__WORK INSTRUCTIONS__
In the material below, find the line containing "ECなどで商品データも活用し" and output it and all lines after it exactly, through the last one, without the pictures.

__SOURCE DATA__
————————

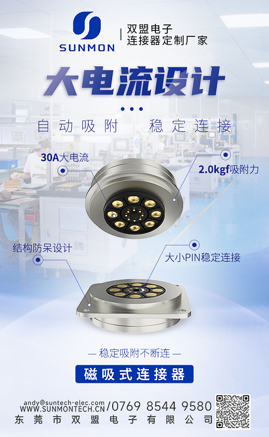 由双盟电子研发的pogopin大电流方案,注意到市面上很多连接器会存在大电流传送时,导致系统发热,传送不稳定,寿命等诸多问题,所以这款能过30A 的大电流连接器,不但配备2.0kgf的磁吸力吸引,保障可靠,即使是一些摇动,也难以让其分离,产品都通过多方面验证,并经过严格的检测。
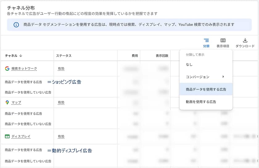 ECなどで商品データも活用している場合、ショッピングやディスプレイ面が全体の成果に影響を与えることが多いため、分類から「商品データを使用する広告」を選択し、確認することをおすすめします。
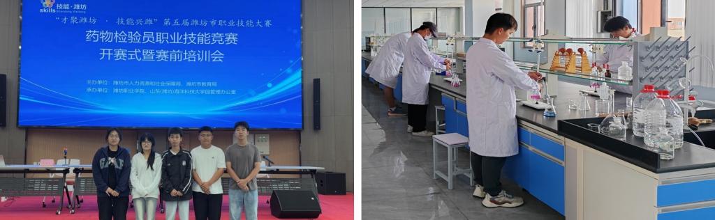 近日,潍坊市教育局、市人社局下发《关于公布“才聚潍坊·技能兴潍”第五届潍坊市职业技能大赛—园艺(园林绿化工)、农业数字化技术员等职业技能竞赛获奖名单的通知》。在此次技能大赛中,化学工程学院师生凭借扎实的理论功底、精湛的操作技艺和出色的现场发挥,在药物检验员竞赛项目中脱颖而出,斩获佳绩。其中,陈学惠、包磊老师分别荣获职工组一等奖、三等奖,苏昱君同学荣获学生组二等奖,田锦坤、满孝静同学荣获学生组三等奖,充分展现了我院师生卓越的专业技能水平和良好的精神风貌。

————————

__SOLUTION FOR THIS EXERCISE__
 ECなどで商品データも活用している場合、ショッピングやディスプレイ面が全体の成果に影響を与えることが多いため、分類から「商品データを使用する広告」を選択し、確認することをおすすめします。
 近日,潍坊市教育局、市人社局下发《关于公布“才聚潍坊·技能兴潍”第五届潍坊市职业技能大赛—园艺(园林绿化工)、农业数字化技术员等职业技能竞赛获奖名单的通知》。在此次技能大赛中,化学工程学院师生凭借扎实的理论功底、精湛的操作技艺和出色的现场发挥,在药物检验员竞赛项目中脱颖而出,斩获佳绩。其中,陈学惠、包磊老师分别荣获职工组一等奖、三等奖,苏昱君同学荣获学生组二等奖,田锦坤、满孝静同学荣获学生组三等奖,充分展现了我院师生卓越的专业技能水平和良好的精神风貌。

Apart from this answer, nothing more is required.